By The Standard | February 3rd 2017

Figures released by the National Transport and Safety Authority (NTSA) indicate there is a fatalistic attitude to accidents among Kenyan road users, especially pedestrians.

Every effort has been made to guarantee the safety of pedestrians while crossing busy roads. In the days when vehicular transport was light, it was notable that drivers obeyed traffic signs and had respect for Zebra crossings. Not anymore.

The speeds at which vehicles move on highways necessitated change of tack, hence the erection of footbridges to save time, life and limb.

Most Kenyans, however, would rather tempt fate in their mindless haste, to personal safety. Pedestrians have been killed right under footbridges. There are cases where others have been killed while walking on busy roads when there are safe foot paths.

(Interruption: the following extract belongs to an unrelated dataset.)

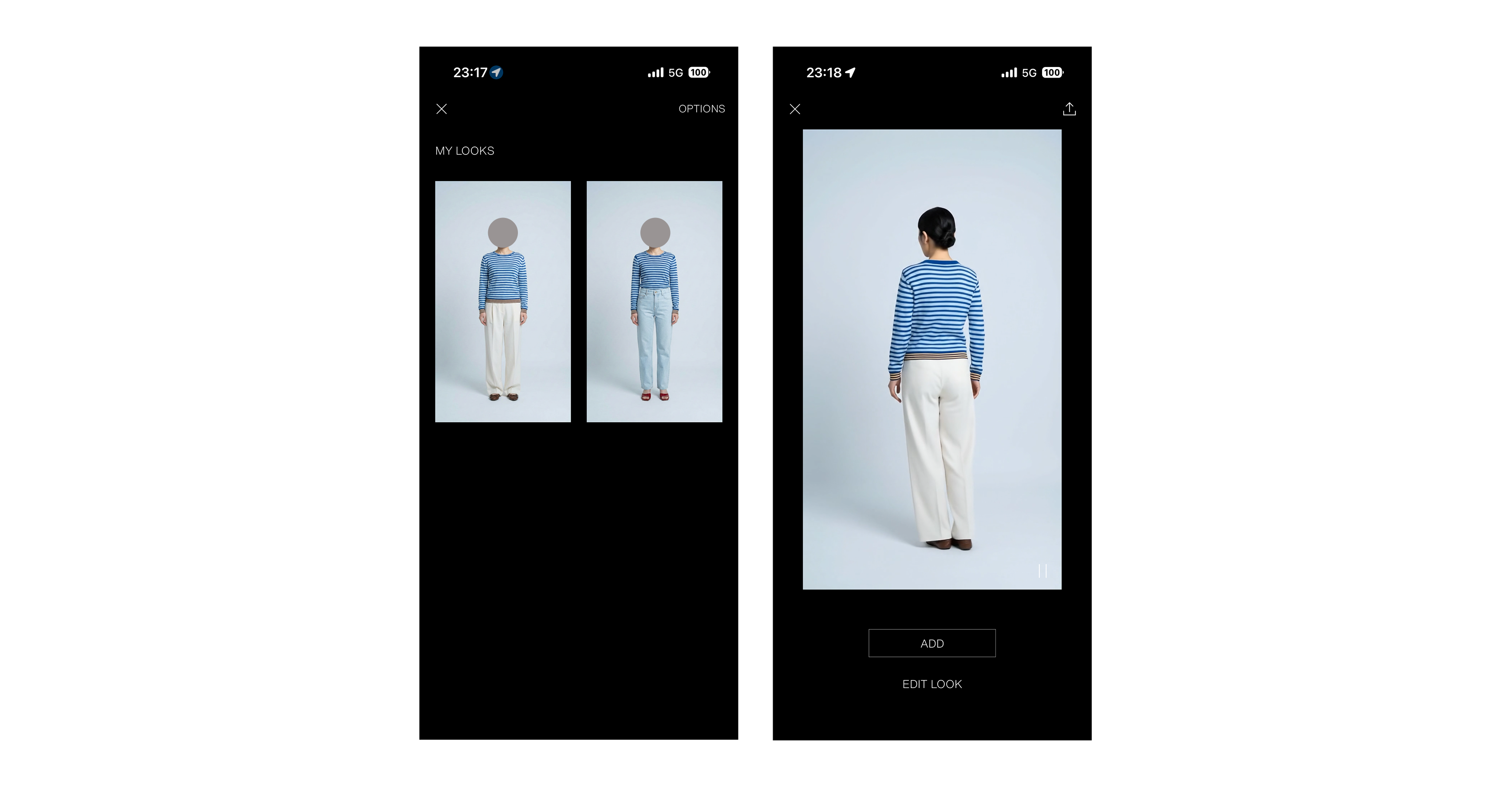 每套試穿結果會自動儲存在「MY LOOKS」頁籤,成為個人的穿搭靈感參考庫,讓這個功能的使用價值延伸到購物行為之外,也增加了使用者回訪應用程式的動機

In some places, authorities have gone the extra mile to ensure safety by erecting barriers at danger zones to dissuade pedestrians from using such spots. Alarmingly, those barriers are brought down as soon as they are complete to make it business as usual. These tendencies must stop to save lives.

In the first 30 days of 2017, NTSA statistics show 109 pedestrians have lost their lives compared to 103 in the same period last year. To date, 253 Kenyans have lost their lives on roads. In the month of January alone, 164 people have sustained serious injuries yet in the same period last year, there were 147.

These indicators show despite all the measures put in place to curb road deaths, we are far from realising our goals, yet it is not so difficult to do so with just a little effort.

Law enforcers also sleep on the job. Most accidents happen between 1700 hrs and 2200hrs mostly on Fridays and over the weekend. This is when there are few or no traffic enforcement officers on the roads yet, coincidentally, the time most people pick to over indulge. Together, let’s stop being grim statistics and make our roads safe.